On Tue, 17 Mar 2015 08:13:41 -0400
Steven Rostedt <rostedt@goodmis.org> wrote:

> > > I may go and remove all this_cpu_read,write() calls from my code
> > > because of this.
> > 
> > You could do that with __this_cpo_* but not this_cpu_*(). Doing
> > it to this_cpu_* would make the operations no longer per cpu atomic. If
> > they do not need per cpu atomicity then you could have used __this_cpu_*
> > instead. And  __this_cpu_* do not disable preemption or interrupts.
> 
> I do not need it to be atomic.

I test this out with __this_cpu_* versions and see if that solves it
too. If it does, I'll use that version instead.

Thanks,

-- Steve

^ permalink raw reply	[flat|nested] 13+ messages in thread

* [PATCH v2] ring-buffer: Replace this_cpu_*() with __this_cpu_*()
  2015-03-17 14:11     ` Steven Rostedt
@ 2015-03-17 14:40       ` Steven Rostedt
  2015-03-17 14:47         ` Uwe Kleine-König
  2015-03-19 16:19       ` [RFC][PATCH] ring-buffer: Replace this_cpu_{read,write} with this_cpu_ptr() Christoph Lameter
  1 sibling, 1 reply; 13+ messages in thread
From: Steven Rostedt @ 2015-03-17 14:40 UTC (permalink / raw)
  To: linux-arm-kernel

It has come to my attention that this_cpu_read/write are horrible on
architectures other than x86. Worse yet, they actually disable
preemption or interrupts! This caused some unexpected tracing results
on ARM.

   101.356868: preempt_count_add <-ring_buffer_lock_reserve
   101.356870: preempt_count_sub <-ring_buffer_lock_reserve

The ring_buffer_lock_reserve has recursion protection that requires
accessing a per cpu variable. But since preempt_disable() is traced, it
too got traced while accessing the variable that is suppose to prevent
recursion like this.

The generic version of this_cpu_read() and write() are:

#define _this_cpu_generic_read(pcp)					\
({	typeof(pcp) ret__;						\
	preempt_disable();						\
	ret__ = *this_cpu_ptr(&(pcp));					\
	preempt_enable();						\
	ret__;								\
})

#define _this_cpu_generic_to_op(pcp, val, op)				\
do {									\
	unsigned long flags;						\
	raw_local_irq_save(flags);					\
	*__this_cpu_ptr(&(pcp)) op val;					\
	raw_local_irq_restore(flags);					\
} while (0)


Which is unacceptable for locations that know they are within preempt
disabled or interrupt disabled locations.

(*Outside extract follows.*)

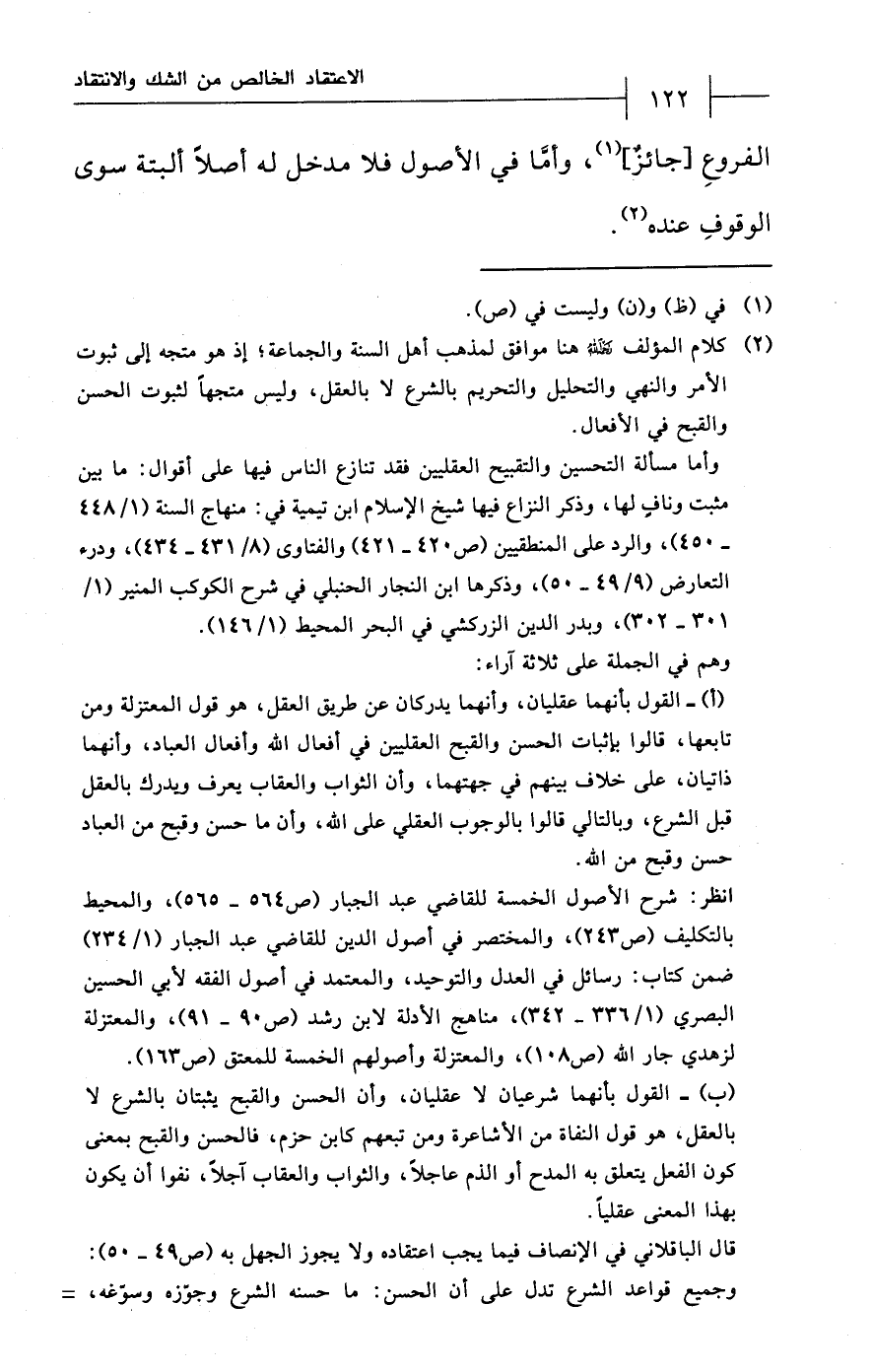وأما مسألة التحسين والتقبيح العقليين فقد تنازع الناس فيها على أقوال: ما بين مثبت ونافٍ لها، وذكر النزاع فيها شيخ الإسلام ابن تيمية في: منهاج السنة (1/ 448 - 450)، والرد على المنطقيين (ص 420 - 421) والفتاوى (8/ 431 - 434)، ودرء التعارض (9/ 49 - 50)، وذكرها ابن النجار الحنبلي في شرح الكوكب المنير (1/ 301 - 302)، وبدر الدين الزركشي في البحر المحيط (1/ 146).
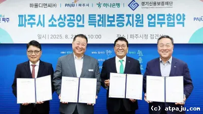 - 특별출연금 3억 원으로 30억 원 규모의 협약보증 지원…소상공인 금융부담 완화 파주시는 지난 21일 하율디앤씨㈜, 하나은행, 경기신용보증재단(이하 ‘경기신보’)과 함께 소상공인 특례보...

Paul McKenney stated that __this_cpu_() versions produce much better code on
other architectures than this_cpu_() does, if we know that the call is done in
a preempt disabled location.

I also changed the recursive_unlock() to use two local variables instead
of accessing the per_cpu variable twice.

Link: http://lkml.kernel.org/r/20150317114411.GE3589 at linux.vnet.ibm.com

Cc: stable at vger.kernel.org
Cc: Christoph Lameter <cl@linux.com>
Reported-by: Uwe Kleine-K?nig <u.kleine-koenig@pengutronix.de>
Signed-off-by: Steven Rostedt <rostedt@goodmis.org>
---
Changes since v1:
  Use __this_cpu_*() instead of this_cpu_ptr()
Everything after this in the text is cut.